As darker days approach, it’s time to take seasonal depression seriously | Rhiannon Lucy Cosslett

Many in Britain are dreading winter. Society needs a radical shift if we are to address the underlying reasons for poor mental health

“Melancholy occurs in autumn, whereas mania in summer,” wrote the Greek philosopher Posidoniusaround 100BC. The ancient Greeks were well aware of the toll that winter darkness could take on mood, as were ancient Chinese and Indian societies. Hippocrates wrote of seasonal depressions in 400BC; Greco-Roman physicians were using a form of sunlight therapy in the 2nd century. Though seasonal affective disorder (Sad) was only named in the 1980s, the effects on mood of “hideous winter” – Shakespeare wasn’t much of a fan either – long predate it.
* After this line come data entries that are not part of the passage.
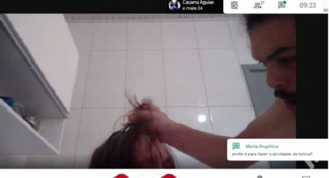 Nas imagens que estão com a polícia, o menino acompanhava a aula, quando teve os headphones arrancados com força e foi puxado bruscamente pelo padrasto, que repete a agressão logo depois. Passados alguns instantes, o garoto retorna ao ambiente virtual chorando.
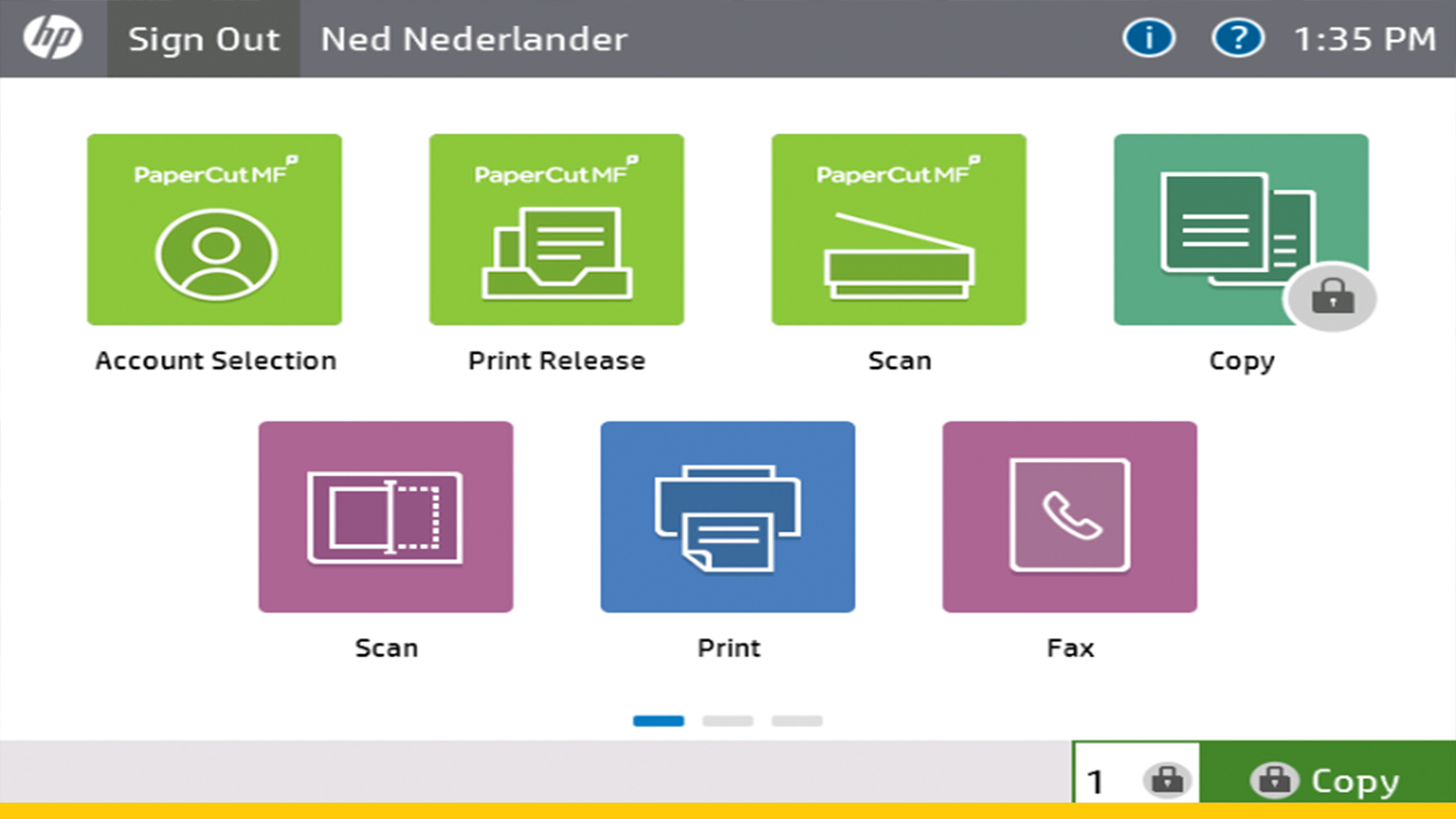 ผลลัพธ์เมื่อใช้ HP + PaperCut MF + HP SDS:
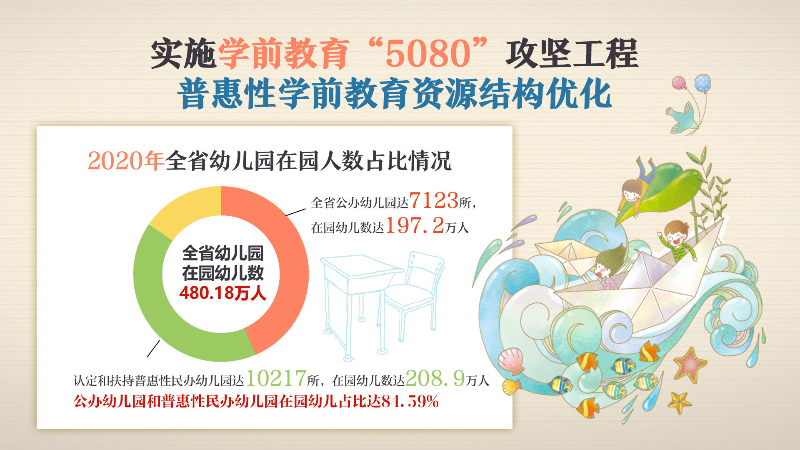 全省公办幼儿园达7123所,在园幼儿数达197.2万人,认定和扶持普惠性民办幼儿园达10217所,普惠性民办幼儿园在园幼儿达208.9万人,公办幼儿园和普惠性民办幼儿园在园幼儿占比达84.59%。越来越多家庭子女选择进入普惠、安全、规范、优质、接送便利的幼儿园。

Anyone who gets Sad, or the winter blues, will be familiar with the dread that the change in seasons can bring. It comes around annually like clockwork, but this year presents extra challenges. “Sad is a huge problem at the best of times, and this is not the best of times,” said Norman Rosenthal, the doctor who named the disorder after research inspired by the effects of winter on his own mood. He is concerned that people already suffering from the effects of a pandemic that has had a dire effect on mental health will find their unhappiness amplified during the coming shorter, darker days.